介護者に対する調査の中で、被介護者の逝去後、うつ症状の減少を経験したり、被介護者を長期介護施設に入所させることが介護者の不安の増加を伴ったりした、という報告があります(Burton LC, Zdaniuk B, Schulz R, Jackson S, Hirsch C. Transitions in spousal caregiving. Gerontologist. 2003;43(2):230-241.)。単に介護の身体的負担をとることが、介護者にとってプラスになるとは限らないという、示唆的な結果だと思います。もしかすると、被介護者のケアを「やりきった」と感じられれば、被介護者との死別が必ずしもネガティブな結果になるとは限らないかったり、物理的な介護負担の軽減だけを目的に施設入所を周囲が決めてしまうことで介護者に負い目を感じさせたりしてしまっているのかもしれません。

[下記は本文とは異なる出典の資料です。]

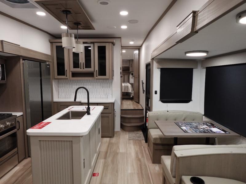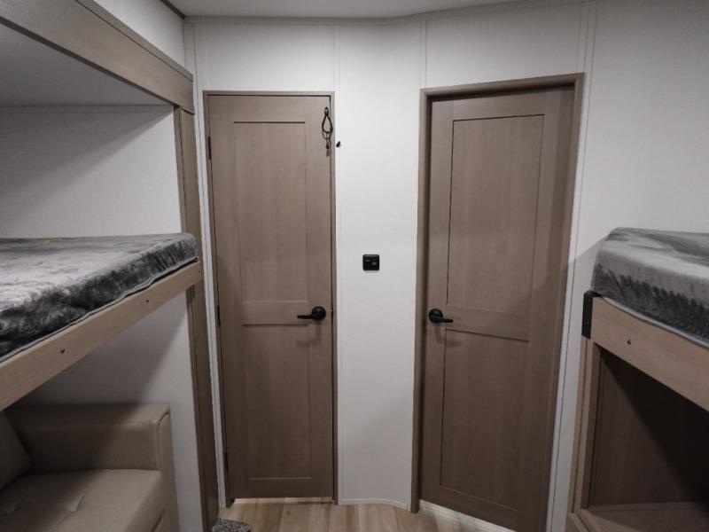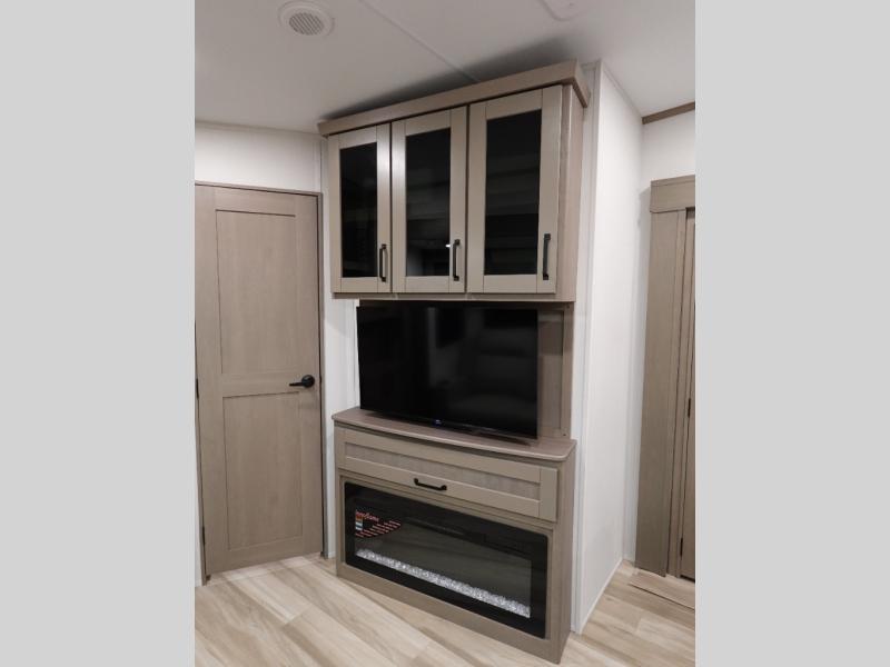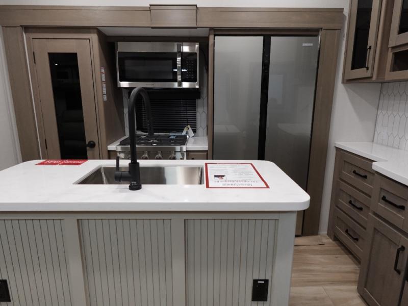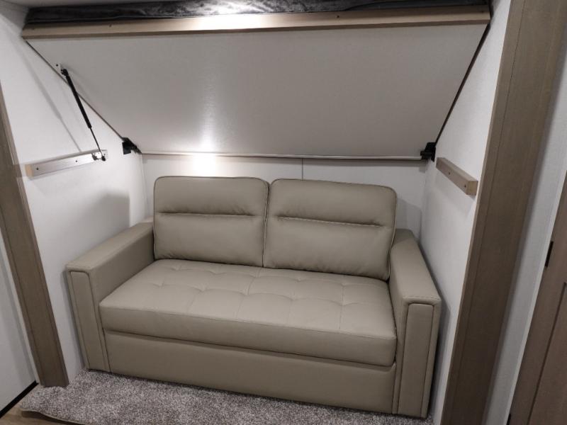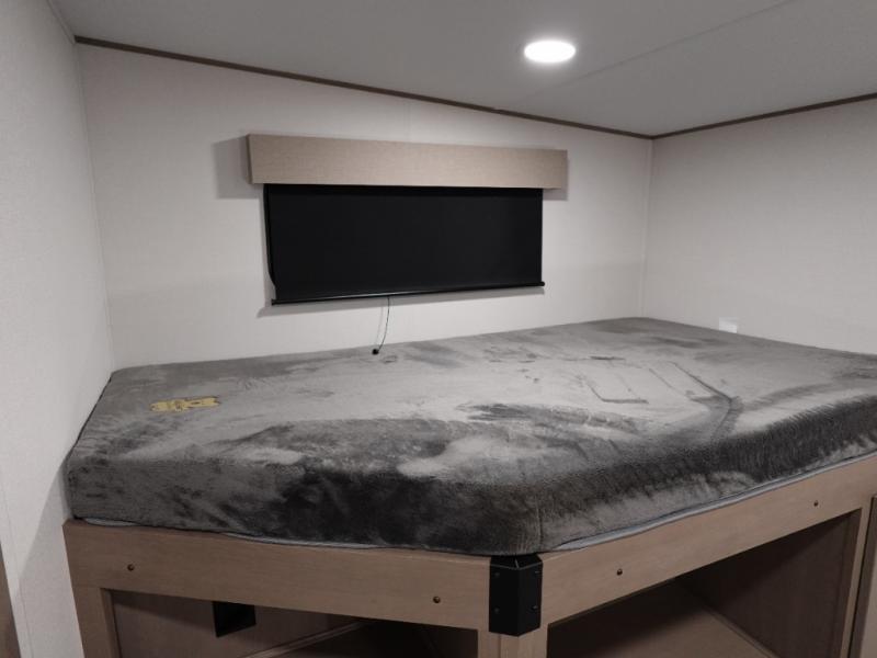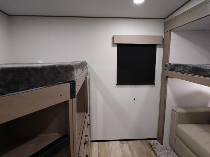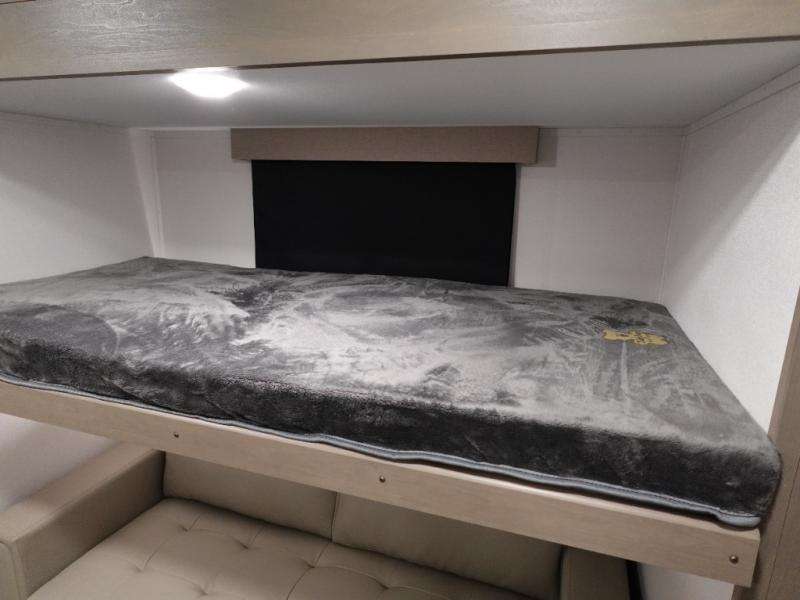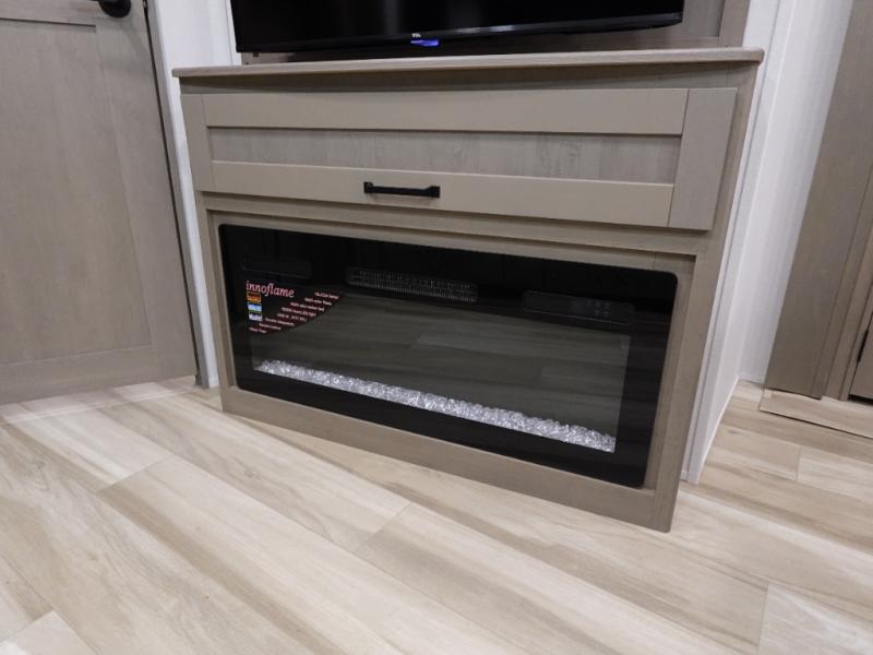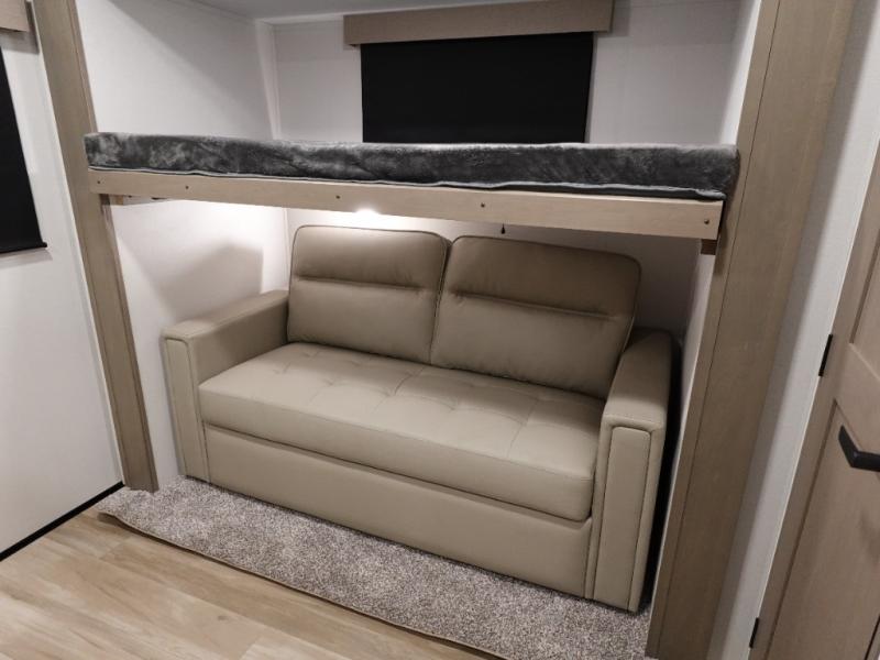 Are you looking to travel with your family and friends and want enough space for everyone to be comfortable? Step inside using the Step Above wit lift assist entry steps, to find a private bunkhouse in the rear of this fifth wheel which offers a slide out flip bunk above a tri-fold sofa, a 44" bunk bed with window and storage below, plus its very own private half bathroom. The theater seating is a great place to unwind at night in front of the entertainment center with a 40" LED HDTV and fireplace below it. There is a dinette , and the kitchen island will provide more counter space to prep meals. You will find full amenities including a 16 cu. ft. 12V refrigerator and a hutch. This fifth wheel also includes a double entry bathroom with a radius shower, and you can wake up refreshed each morning after sleeping on your own bed.

 我々は、Illness Trajectoryを意識した先を見越した説明、事前のケア計画の支援、実際にケアが始まってからいかに休息をとるか、といった長期的な視点に立って介護者と関わることが求められているのだと思います。

まとめ

 在宅ケアにおける医療安全の指標の一つである「介護者」のケアについてまとめました。家族が介護者として関わっている場合、その方の健康状態にも配慮するという家族志向ケアのアプローチによって、ケアの質を高めることにつながると思います。個人的な印象としては、いわゆる田舎の地域における在宅ケアでは、介護に関する問題が生じた時に地域の目が届きやすいので、医療者があえて意識しなくても(例:看護師さんが医療者というより一人の地域の人間としてみてくれている感じ)介護負担の軽減を図ってくれています。自分も地域の中でいつか同じような立場になるのだから、という当事者意識が働いているからでしょうか。
 患者さん自身のケアをどうするかを、家族や施設スタッフのことまで意識して俯瞰的にみることの重要性を学びました。